Нет. Нет. Конечно, нет. Понимаете, запрещают по разным причинам. Я думаю, запрещают по другому – запрещают по советской традиции, что лучше не спорить, лучше запретить и, главное, по советскому убеждению (тоталитарному вообще убеждению – оно и в Германии было), по тоталитарному убеждению, что умом людей можно управлять извне. Понимаете? Вот причина! Можно управлять извне. Надо давать дозированную информацию, чтобы люди что-то знали, о чем-то догадывались, чего-то не знали вообще. И дополнять то, что они не знают, может быть, лживой, но массированной пропагандой. И тогда мозги штампуются.

Д.Пещикова

Ну, говорят, у нас народ вообще очень подвержен пропаганде всякой. Может, поэтому? Может, какая-то ментальная у нас особенность такая «нам чего ни расскажи, мы всему поверим»? Верим же мы телевизору сейчас?

А.Зубов

Это верно. Я думаю, что это не наша особенность, а это как раз отсутствие привычки жить в свободном информационном пространстве, понимаете? Советский человек в среднем... Там скажем, были люди, которые ничему не верили (ваш покорный слуга – один из них), но большинство советских людей говорили «Это же в газете написано» (в какой-нибудь газете «Правда»). Хотя, мы говорили, что в «Правде» нет известий, а в «Известиях» нет правды, но большинство говорит «В газете написано. Это же по телевизору сказали». И, вот, до сих пор эта установка существует. Это, на самом деле, пережиток, конечно, нашего тоталитарного общества, нашего индоктринированного идеологически режима и этим пользуется сейчас власть. И один из таких пережитков – это, в общем-то, селективный доступ к информационным материалам: одни люди решают за других, можно эти материалы этим первым людям читать или нельзя. Пусть каждый сам решает, понимаете?

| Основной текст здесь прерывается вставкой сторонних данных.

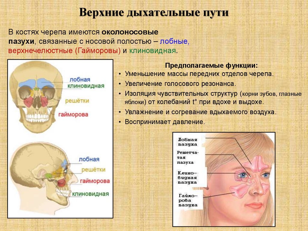 Верхние дыхательные путиВ костях черепа имеются околоносовые
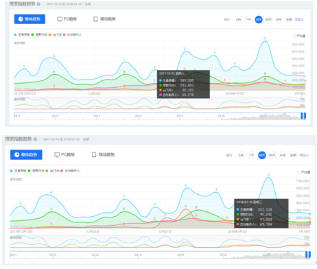 众所周知,一款游戏在百度中的搜索次数,可以作为这款游戏受欢迎程度和玩家口碑的缩影。下面我们再通过百度指数来管中窥豹,看看这四款游戏依次在玩家中的地位如何。

Там скажем, мне не интересна порнография – я ее не смотрю. Но если кому-то интересна, ну, пусть ее смотрит. Понимаете, это его проблема, это его, если говорить в религиозных категориях, его грех. Но как можно взрослому человеку запретить смотреть то, что он хочет? Ну, хочет – пусть смотрит.

А.Позняков

Так что же, Андрей Борисович, для вас нет запрещенных тем?

А.Зубов

Ну, есть темы, которые мне неприятно обсуждать, скажем. Но запрещенных?.. В каком смысле запрещенных? Я не понимаю даже до конца вопроса.

А.Позняков

Ну, темы, о которых нельзя писать, что нельзя описывать категорически, нельзя такие описания хранить? Нет такого?

А.Зубов

Да нет, по-моему. Я ничего в голову... Приведите пример. Мне ничего в голову не приходит.

Д.Пещикова

Пропаганда суицида, например. Описание методов самоубийства, запрещенное, кстати.

А.Зубов

Не, ну, вообще... Вообще это очень противные всё вещи, конечно. Но мне кажется, что здесь надо, видимо, строго преследовать людей, которые эти описания в первую очередь делают и публикуют. И, может быть, даже те средства массовой информации, которые их публикуют, потому что это гадость.

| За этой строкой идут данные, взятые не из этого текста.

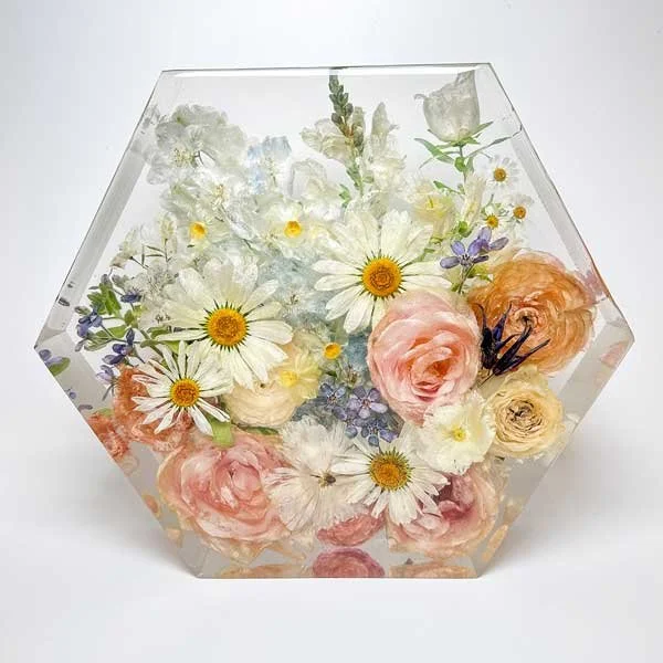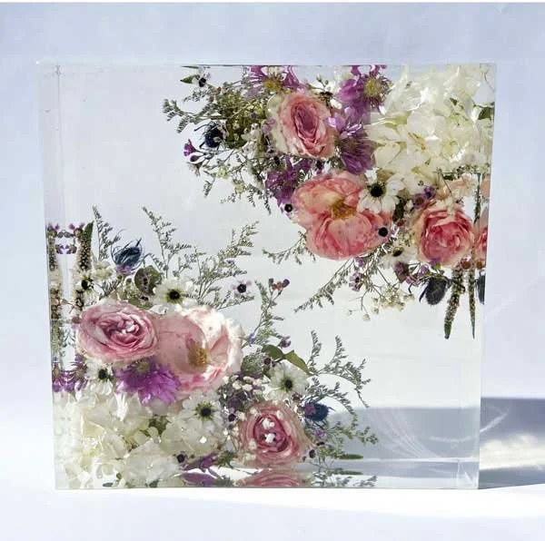 I specialise in both wedding bouquet preservation and memorial flower preservation, turning fresh flowers into treasured keepsakes that can be admired for years to come. Each piece is handcrafted with love, combining delicate drying methods with crystal-clear resin to create stunning blocks and displays.

Но с другой стороны... Слушайте, ну, без всех описаний суицида, к сожалению, какие-то люди кончают жизнь самоубийством. И эти описания, ну, какие-то маргинальные, может быть, натуры могут к этому подтолкнуть, но я думаю, что не это решающая вещь, которая вызывает или не вызывает суицид. Кроме того, есть же масса здоровых людей. И надо как раз побольше говорить о том, что это нельзя делать ни с духовной, ни с человеческой точки зрения. Бессмысленно это делать с точки зрения там жизненной, житейской и так далее, и так далее. И первые слова перетянут вторые. Я просто верю в силу свободного, честного и положительного слова. Понимаете? Вот, люди, которые так делают, они не верят в силу этого слова, они считают, что всякое зло, всякая гадость, всякая чертовщина – она всегда победит добро. А я твердо уверен, что наоборот, всякое свободно сказанное честное и доброе слово в правде – оно победит любую ложь и любую чертовщину, и любое зло.

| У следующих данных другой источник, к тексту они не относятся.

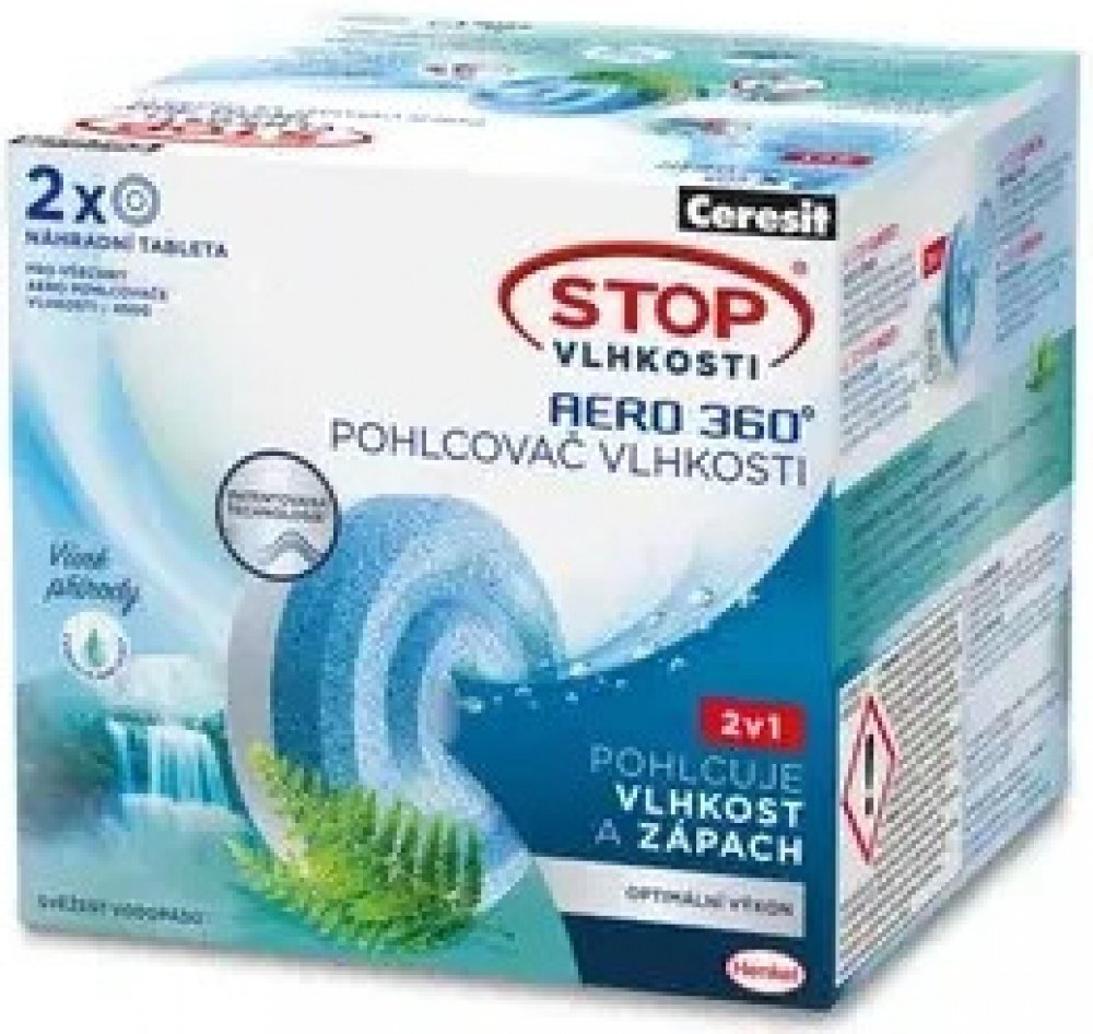 2 náhradní 450 g tablety s vůní svěžest vodopádů do pohlcovačů vlhkosti Ceresit Aero 360°, který pomáhá snižovat vzdušnou vlhkost a zápach v místnosti o rozloze cca 20 m² po dobu přibližně 3 měsíců. Bojuje proti plísním a odlupování tapet, snižuje vývoj roztočů a plísní, čímž přispívá ke zdravějšímu prostředí doma nebo v práci. Zároveň po celou dobu životnosti uvolňuje svěží vůni, která vytvoří výjimečnou atmosféru u vás doma. Přebytečná vlhkost v místnosti je absorpční tabletou zachycena a následně přeměněna na solný roztok, který se hromadí ve spodní části přístroje. V závislosti na rychlosti pohlcování tableta ztrácí svůj objem, dokud se zcela nerozpustí. Systém funguje na fyzikálním principu – čím větší je kontakt tablety se vzduchem, tím více vlhkosti pohlcuje. Ultraabsorpční tableta má speciální vlnitý tvar a otvor ve středu, což umožňuje celoplošný kontakt vzduchu s tabletou a zvyšuje výkon celého systému. Účinnost je tak vyšší až o 40 % v porovnání se standardním systémem Henkel.

А.ЗУБОВ: Люди должны всё знать. Это принцип. Нет запрета на знания, нет ограничения на знания

А.Позняков

Ну, вот, Леонид спрашивает «А отрицание Холокоста?» Я даже пойду дальше: есть же материалы, которые оправдывают Холокост. Вот, их не надо как экстремистские запрещать, ликвидировать?

А.Зубов

Я понял. Я понял.

А.Позняков

Просто где-то же должна быть грань?

А.Зубов

Конечно.

А.Позняков

Или нет ее нигде?

А.Зубов

Я понял. Понимаете, если некий человек пишет, что, там скажем, убийство евреев, кого угодно там не знаю, или депортация чеченцев, не знаю, крымских татар, уничтожение армян в Османской империи было сделано правильно, то он за это действие может нести ответственность перед законом, если есть такой закон. Такой закон есть в Германии насчет Холокоста, да? Но! Прочесть мне статью, в которой автор пытается доказать, что Холокоста не было, ну, скажем, и претендующую на научность статью – ну что ж? А как же я ему тогда отвечу? Значит, есть что-то скрывать? Запретный плод сладок – он...

А.Позняков

А перепечатать ее вы можете в своем журнале, если у вас будет в журнале?

А.Зубов

Не знаю. Не знаю.

Д.Пещикова

С комментарием?

А.Зубов

С комментарием, наверное, могу. Цитировать, наверное, могу. Но перепечатывать просто так – значит, я вступаю в партию этого товарища, который одобряет Холокост.

Д.Пещикова

И, вероятно, этот товарищ вам вряд ли ответит, если его преследуют.

А.Зубов

Нет. Если я перепечатываю такую статью, то, скорее всего, я – соучастник преступления публикатора, да? А если я с ним полемизирую и привожу цитаты, и объясняю, что это не так, я не соучастник преступления, а, наоборот, я борец с преступным миром.

Д.Пещикова

Нет, я о том, что этот человек вам вряд ли уже ответит, если по этой логике следовать дальше, да? Его просто уже арестуют.

А.Зубов

Ну, если его не допускают к интернету в месте заключения. Но это уже другой разговор. Понимаете, эти все тонкие вещи – их надо, конечно, разбирать. Но мне кажется, что нельзя... Вот, понимаете, даже в запрете обсуждения проблемы Холокоста, что нельзя, например, обсуждать, что было убито там не 6 миллионов евреев, как официально принято, а, может быть, меньше, а, может быть, больше. Понимаете? В этом есть уже некоторое нарушение прав свобод. И, кстати говоря, очень многие ученые в мире – они не очень довольны этими законами, понимаете?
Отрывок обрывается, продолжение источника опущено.